What would be excluded?

 

  • Transfers of value less than $10, unless the aggregate amount transferred to, requested by, or designated on behalf of the covered recipient exceeds $100 in a calendar year.
  • Product samples that are not intended to be sold and are intended for patient use.
  • Educational materials that directly benefit patients or are intended for patient use.
  • The loan of a covered device for a short-term trial period, not to exceed 90 days, to permit evaluation of the covered device by the covered recipient.
  • Items or services provided under a contractual warranty, including the replacement of a covered device, where the terms of the warranty are set forth in the purchase or lease agreement for the covered device.
  • A transfer of anything of value to a covered recipient when the covered recipient is a patient and not acting in the professional capacity of a covered recipient.
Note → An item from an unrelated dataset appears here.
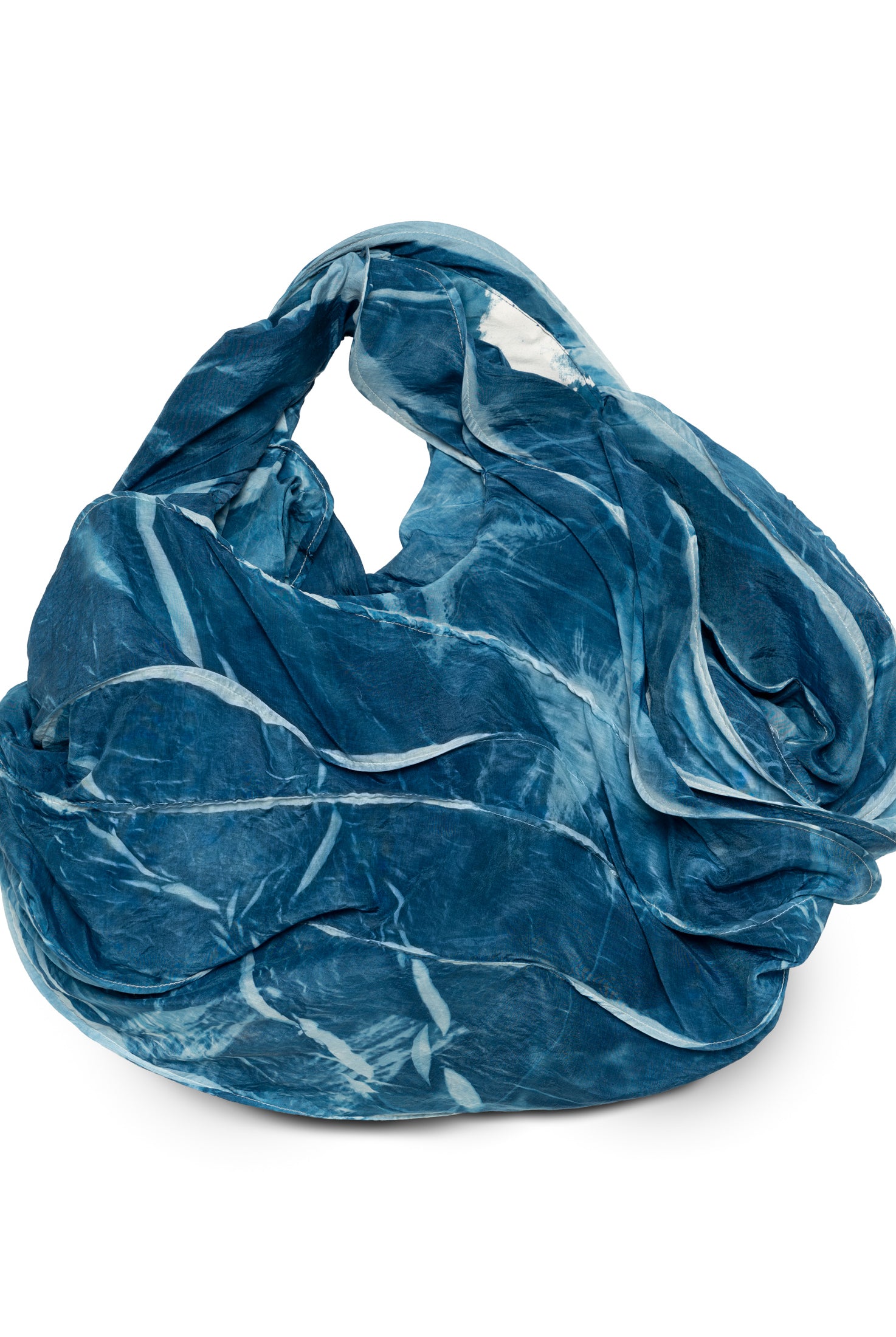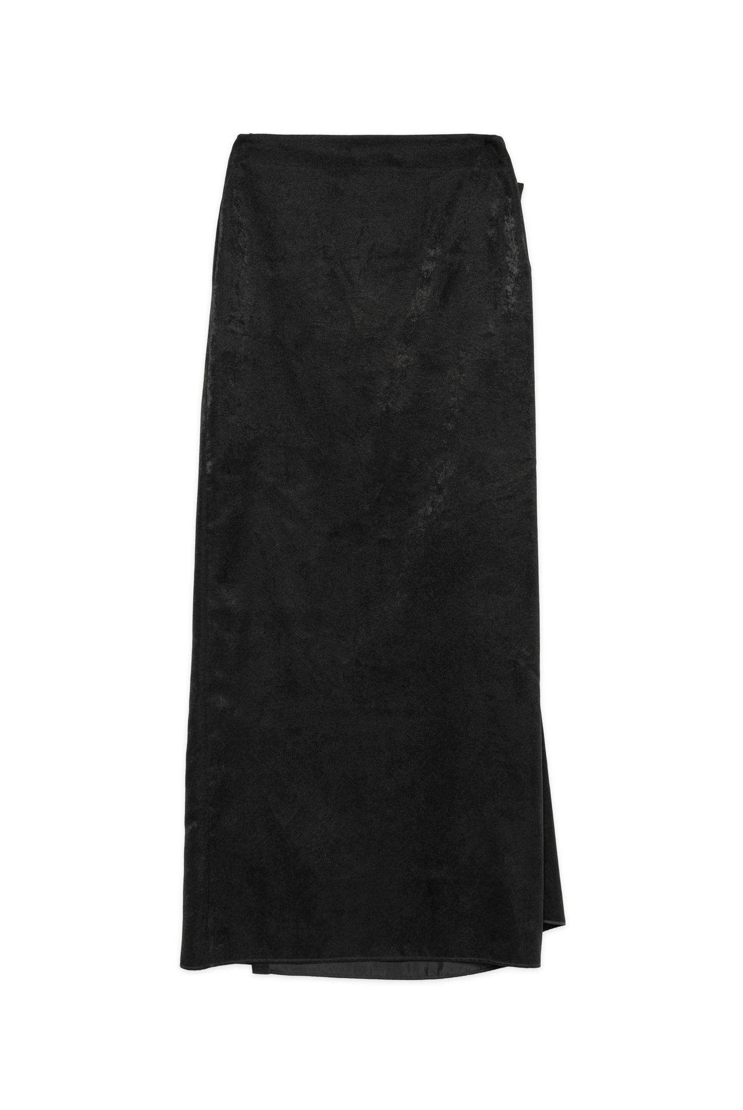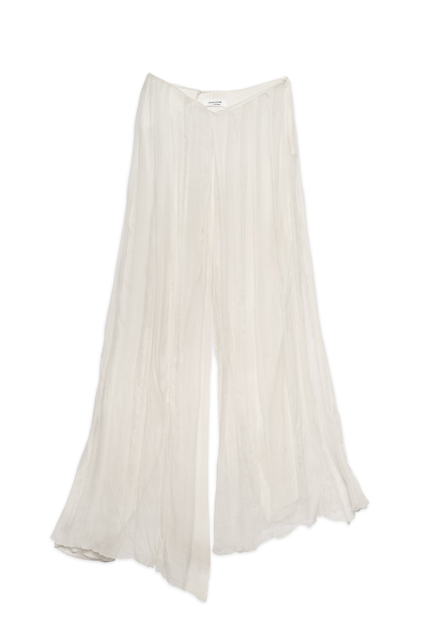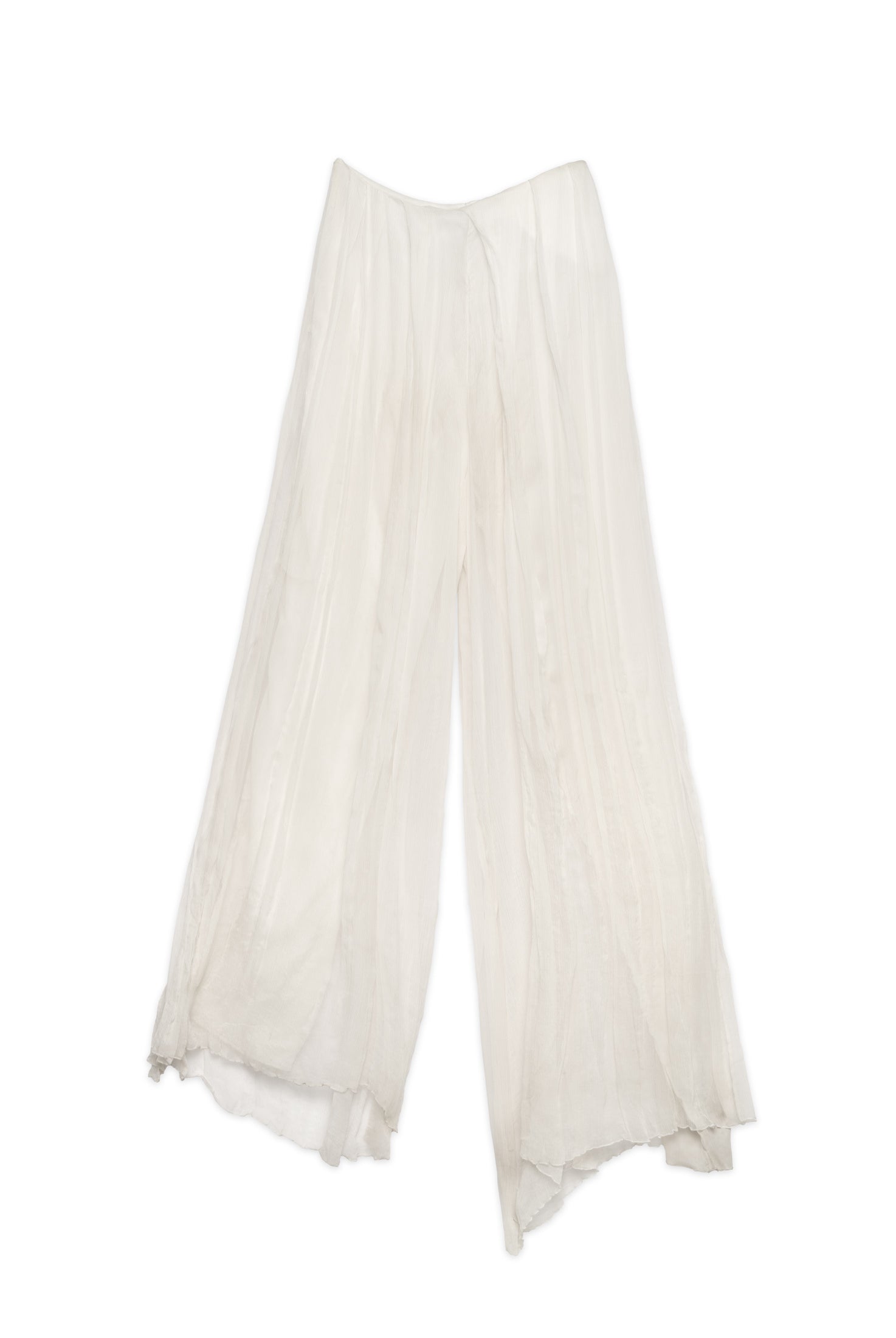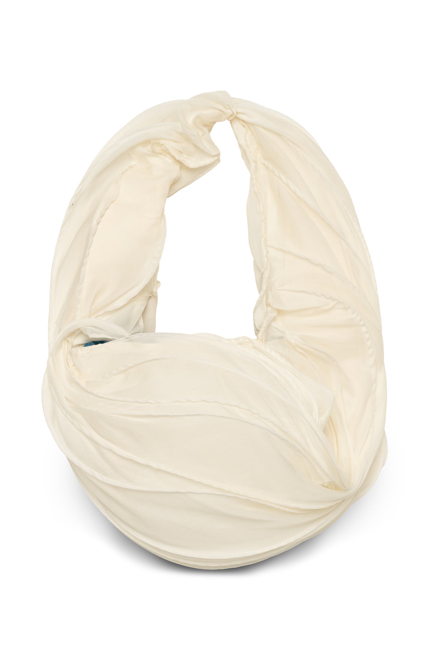 A voluminous coat in pleated black organza, structured with internal boning and wire to create undulating, shell-like forms. The sheer polyester fabric floats around the body in waves, forming an exaggerated cocoon silhouette from all angles.

  • Discounts, including rebates.
  • In-kind items used for the provision of charity care.
  • A dividend or other profit distribution from, or ownership or investment interest in, a publicly traded security or mutual fund.
  • In the case of an applicable manufacturer who offers a self-insured plan, payments for the provision of health care to employees under the plan.
  • In the case of a covered recipient who is a licensed non-medical professional, a transfer of anything of value to the covered recipient if the transfer is payment solely for the non-medical professional services of the licensed non-medical professional.
  • In the case of a covered recipient who is a physician, a transfer of anything of value to the covered recipient if the transfer is payment solely for the services of the covered recipient with respect to a civil or criminal action or an administrative proceeding.
  • Transfers of value made indirectly to a covered recipient through a third party in cases when the applicable manufacturer is unaware of the identity of the covered recipient.